CladeTime¶
- class cladetime.CladeTime(sequence_as_of=None, tree_as_of=None)[source]¶
Interface for Nextstrain SARS-CoV-2 genome sequences and clades.
The CladeTime class is instantiated with two optional arguments that specify the point in time at which to access genome sequences/metadata as well as the reference tree used for clade assignment. CladeTime interacts with GenBank-based data provided by the Nextstrain project.
Important
Historical data availability is constrained by Nextstrain’s infrastructure:
sequence_as_of: Must be >= 2025-09-29 (Nextstrain S3 90 day retention)
tree_as_of: Must be >= 2024-10-09 (variant-nowcast-hub archive availability)
These constraints reflect Nextstrain’s October 2025 implementation of a 90 day retention policy for S3 versioned objects. Dates outside these windows will raise CladeTimeDataUnavailableError. See GitHub issue #185 for details and potential workarounds.
Note: These limitations may change as Nextstrain’s infrastructure evolves.
- Parameters:
sequence_as_of (datetime.datetime | str | None) – Sets the versions of Nextstrain SARS-CoV-2 genome sequence and sequence metadata files that will be used by CladeTime properties and methods. Can be a datetime object or a string in YYYY-MM-DD format, both of which will be treated as UTC. The default value is the current UTC time. Dates passed as YYYY-MM-DD strings will be set to 11:59:59 PM UTC. Must be >= 2025-09-29.

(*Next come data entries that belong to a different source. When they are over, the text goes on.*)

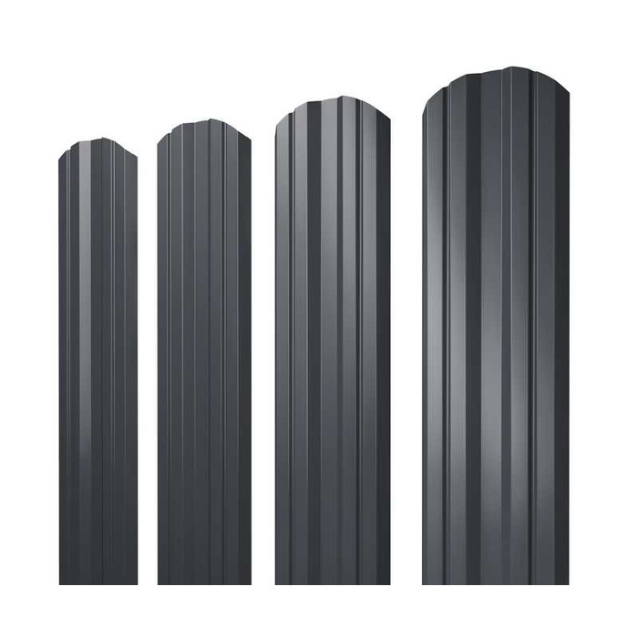 Штакетник Полукруглый Slim Grand Line 0,4 Полиэстер - double RAL 7024 Мокрый Асфальт
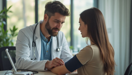 A healthcare worker is seen holding a blood pressure gauge, focused on ensuring accurate measurements for patient health. The setting is a medical facility filled with equipment.
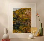 Tempio giapponese al tramonto a Kyoto, Giappone carta hahnemühle
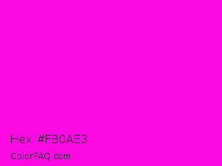 Hex #fb0ae3 Color is a normal magenta color and the nearest color is Purple Pizzazz #ff00cc. Hex code #fb0ae3 and RGB value is rgb(251,10,227). In RGB color space, this color is composed of 98% red, 4% green, 89% blue, In CMYK color space, this color is composed of 0% cyan, 96% magenta, 10% yellow , 2% black , In HSL color space, this color has a hue angle of 306° , 97% saturation and 51% lightness.
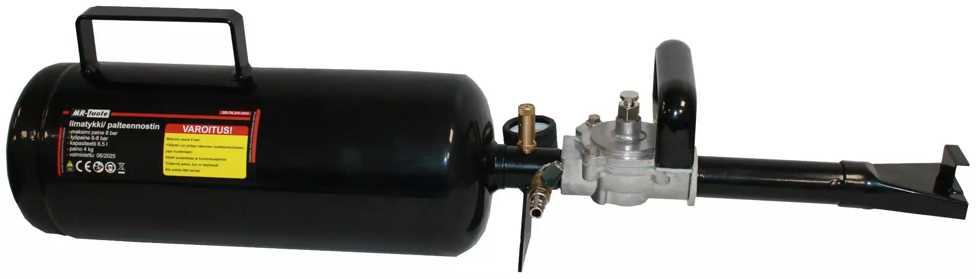 - varustettu pneumaattisella ohjausventtiilillä, varoventtiilillä, suuttimella, painemittarilla ja tulopalloventtiilillä
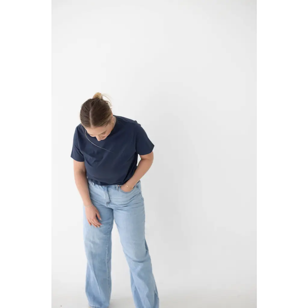 Say hello to the Mom Tee - a classic vibe with an updated fit making it versatile and flexible for whatever season you're in. Made with a hint of spandex, it stretches where you need it too so it can grow with your body.
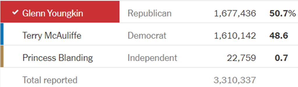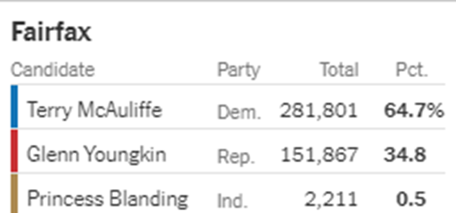 In a prior post, we highlighted the importance of Northern Virginia counties in national and statewide elections … especially this year, with McAuliffe vying with Youngkin for governor.
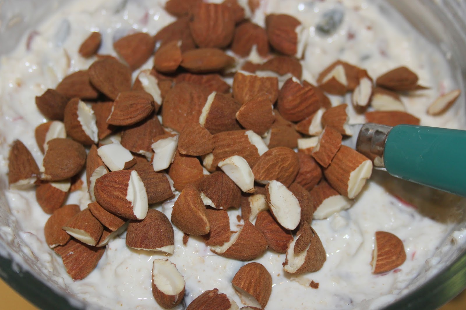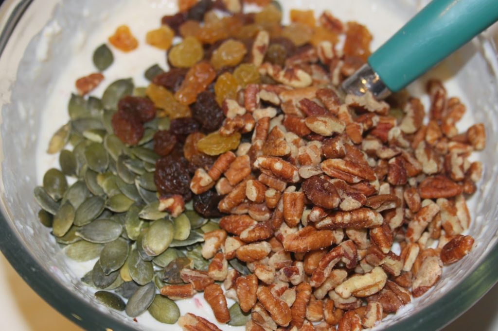 Ajoutez les fruits secs. Vous pouvez en mettre plus ou moins (plus ça devient vraiment riche) ou même les changer: n’hésitez pas à mettre des noix, des noisettes, des noix du brésil, des graines de tournesol, des graines de lin…
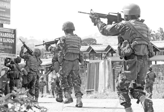 菲律宾军警与“穆特组织”等反政府武装25日在菲南部马拉维市的交战继续。双方23日下午开战以来,已有至少21人丧生。24日晚,“伊斯兰国”宣称为“穆特组织”在马拉维市制造的混乱负责。在中东被削弱的“伊斯兰国”必定加紧与东南亚的极端组织“合体”,大批逃散的恐怖分子可能重返东南亚,冲击当地的安全形势。
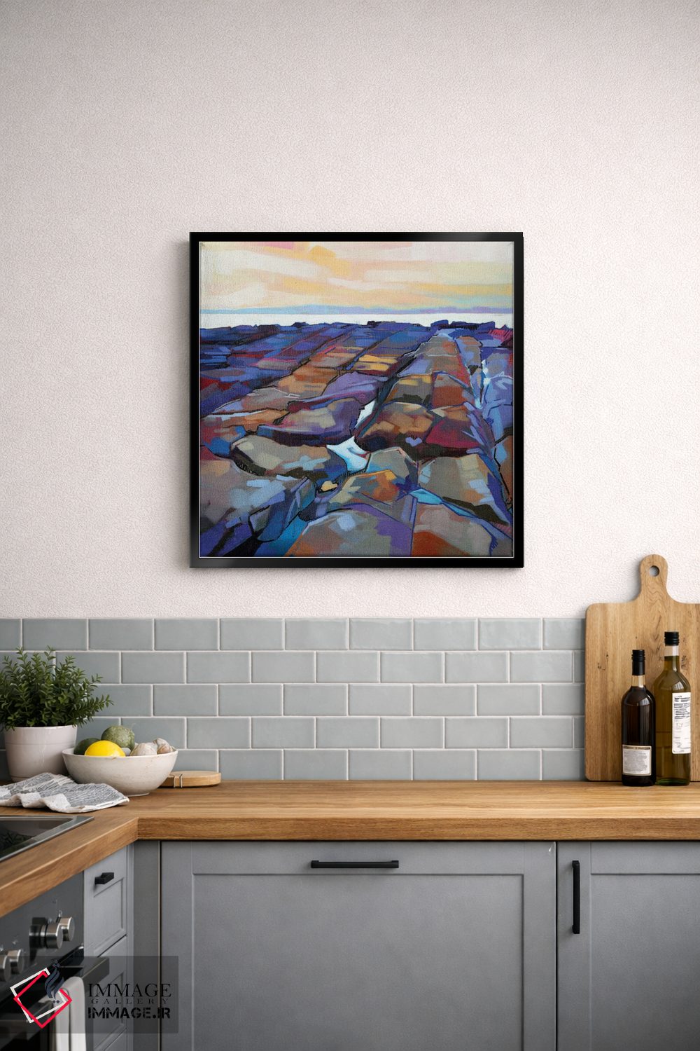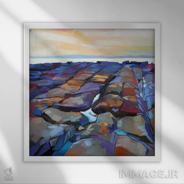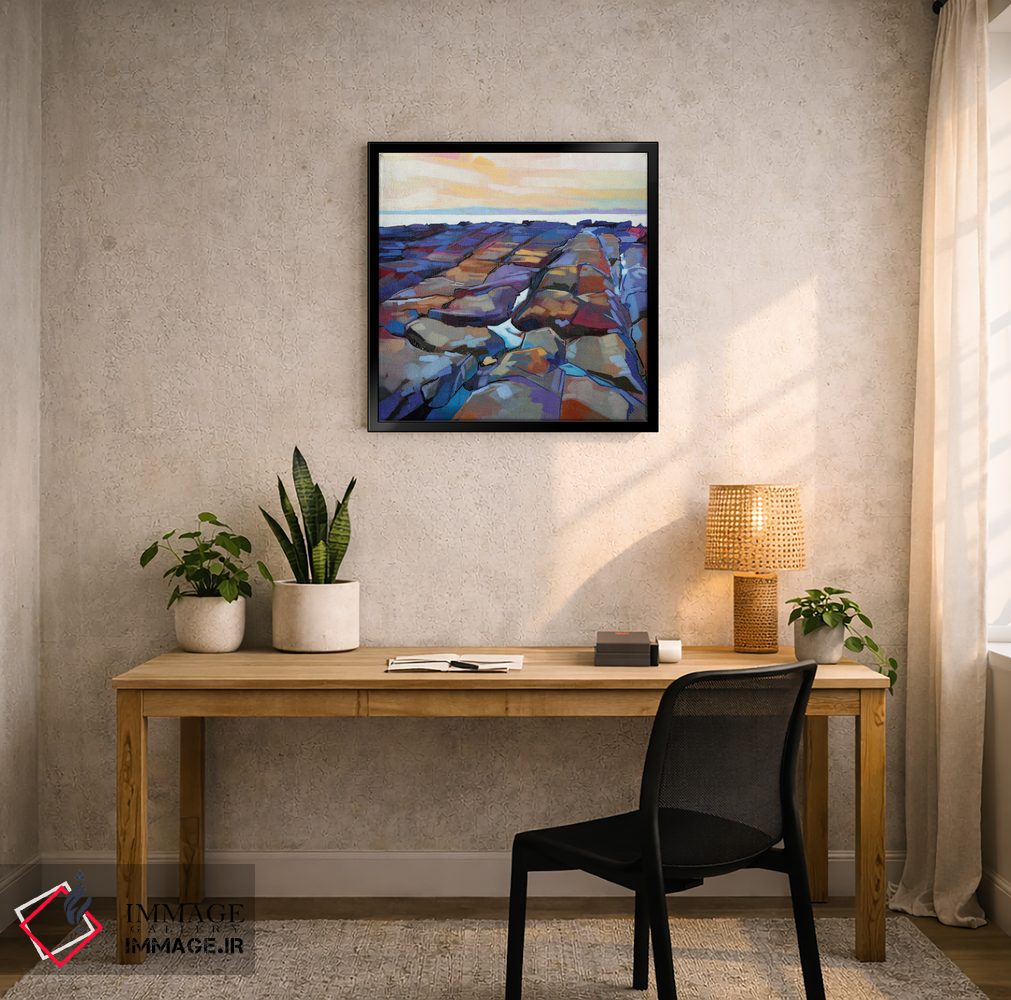 براساس پالت ترکیبی اثر، قاب تیک گرم (چوبی) پیشنهاد اول است و مشکی مات (فریم متوسط) مکمل. برای سفارشهای پروژهای با ابعاد و قابهای اختصاصی با ایماژ در تماس باشید.

tree_as_of (datetime.datetime | str | None) – Sets the version of the Nextstrain reference tree that will be used by CladeTime. Can be a datetime object or a string in YYYY-MM-DD format, both of which will be treated as UTC. The default value is
sequence_as_of. Dates passed as YYYY-MM-DD strings will be set to 11:59:59 PM UTC. Must be >= 2024-10-09.
- url_ncov_metadata¶
S3 URL to metadata from the Nextstrain pipeline run that generated the sequence clade assignments in
url_sequence_metadata- Type:
- url_sequence¶
S3 URL to the Nextstrain Sars-CoV-2 sequence file (zst-compressed .fasta) that was current at the date specified in
sequence_as_of- Type:
- url_sequence_metadata¶
S3 URL to the Nextstrain Sars-CoV-2 sequence metadata file (zst-compressed tsv) that was current at the date specified in
sequence_as_of- Type:
- property sequence_as_of: datetime¶
The date and time (UTC) used to retrieve NextStrain sequences and sequence metadata.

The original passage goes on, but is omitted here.